As the kids finished one activity and went back to walking, they would do another activity as it opened up.

“The hike takes place over the convocation hour at Hamline, so students and instructors are not in class,” Anderson said.

HU to HE collaborationAnderson said that both the University and the elementary school have liaisons that work on the Hamline to Hamline Collaboration.  “They get a course release so they don’t have to teach a course, but then they do have to work with the committee to keep all things collaborative between the two campuses,” he explained.

Margot Howard, who is currently working on her master’s degree at Hamline, was formerly a University liaison.

“The collaboration between the elementary school and the university was definitely one of the first in the country,” she said. “Now it’s becoming more popular. And, it doesn’t just focus on the School of Education, but involves the whole school.”

She cited as an example the School of Anthropology. The anthropology class goes to the elementary school and teaches the younger students about an archaeological dig, and then they take them to a dig on campus.

“I knew as an undergraduate I wanted to work with kids, but not as a teacher,” Howard said. She said working with the Collaboration gave her that opportunity to connect with them.
“It energizes my soul to work with kids,” she noted.

Hamline Elementary currently has its technology instructor, Jodie Wilson, serving as its liaison.

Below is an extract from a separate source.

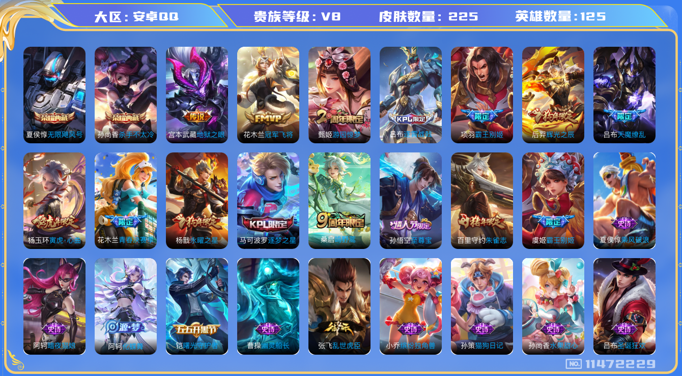 - [12232578]V8 1典藏 2珍品传说 23传说 125英雄 252皮肤 可修改实名 优质装备:银白咏叹调(倪克斯侍卫),器灵·落星盏,朽木白哉,黄金射手座,冠军飞将,炽阳神光,末日机甲-孙尚香(绿蚂蚱),地狱火,地狱之眼,时之恋人-刘备(电焊工),超时空战士-狄仁杰,无双飞将,山海·炽霜斩(李信年限),山海·苍雷引(电光曜子),鹤归松栖(云缨),澜逐花归海,琥珀纪元铠,涂山容容 传说皮:乘龙·铭钟鼎(赵云年限),铠冥王哈迪斯,幻光神枪 珍宝阁皮:万物之道,玩趣恶龙 限定皮:鸣野蒿,傲雪梅枪,时雨天司(水龙头),神威(电光马子),遇见飞天,高山流水,诗剑行,五谷丰年,天狼狩猎者,逐梦之星,天狼征服者,玄武志(苏烈年限),永曜之星,孙行者,猪悟能,寅虎·赤拳(老虎年限) 史诗皮:赞萌露比,器灵·浮梦炉,星界战将,龙之律动,石田雨龙,茶境仙,破空之剑,东方月初,埋骨钱,芈月浮光幕影,百相守梦-百里守约,百相守梦-黄忠,紫霞仙子,苍穹之光,白龙吟,黄金分割率,特工魅影,千年之狐,江河有灵,鹤归松栖(赵怀真),魅语,蒙恬荣光圣徽,晚萤,电玩·爆裂旋风,银翎春语,龙骑士(小龙虾),末日机甲-吕布,猫狗日记-孙策,乱世虎臣,节奏热浪,修罗,摇滚巨星,水果甜心,星夜王子,心灵骇客,功夫厨神,德古拉伯爵,暗隐猎兽者,幽灵船长,鬼剑武藏,暗渊魔法,缤纷独角兽,乘风破浪,逐浪之夏,水晶猎龙者,曙光守护者,热力回旋,金属风暴,原初追逐者,圣诞狂欢,圣诞恋歌,鹰眼统帅,魅力维加斯,黎明之约,赏金猎手,顽趣-阿古朵,无心,未来纪元-赵云
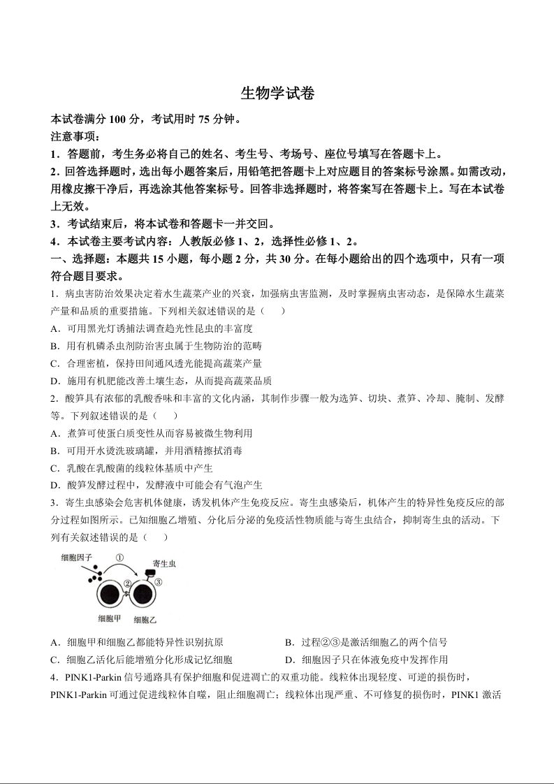 辽宁省抚顺市省重点高中六校协作体2025届高三上学期1月期末考试(二模)生物+答案

“We have pairings of students at every grade level,” Anderson stated. “Our most famous pairing is 5th grade students paired with the law school. We have law students come to Hamline Elementary and teach us all about the law process, and then our students do a mock trial, taking on all the roles over at the courtroom on the Hamline campus. There’s a Ramsey County judge who comes to preside over the proceedings. It’s just a fantastic way to learn in a real setting and see what’s available post-secondary. These are real things you can learn how to do.”

Another pairing is kindergarten students with the Hamline female gymnasts. “The girls do a big demo for them so they get to see how all the equipment works, and they get to play with, and touch, some of the equipment,” Anderson related.  He said kindergartners also get to go over to the Bush Memorial Library and listen to a story read by the Hamline University librarian.
Another program involving collaboration between the two schools is the federal work-study America Reads and America Counts.  Anderson said 70-100 college students earn their work-study by being tutors at the elementary school, working with the kids and teachers.
He added that the university’s student council has as its largest activity a college access mentorship program called Hand in Hand, similar to Big Brothers and Big Sisters.

“An elementary student and a university student are paired, and the Hamline student comes over to spend 45 minutes a week with a kid who is in need socially. They also hold three big events a year.”

He said the Hamline elementary students play games and talk about college access with their college mentor buddies. “We currently have about 50 pairs,” he noted.
He said one other event involves the kindergarteners going on a tour of the Hamline University campus in the spring, getting to see dorms and have some ice cream. They get a certificate for having attended their first day of college.

“We really try to instill a desire for post-secondary education,” Anderson stated. “Not necessarily just at Hamline, because we know kids have other interests; we have a fifth grade class going to St. Paul College and visiting their shop department.”

“We really are a shared campus,” he added. “Hamline University uses us for learning about education and giving its students a place to serve, and we get from them learning opportunities that wouldn’t otherwise exist.  It really is pre-K through 16 in the Hamline Midway neighborhood.”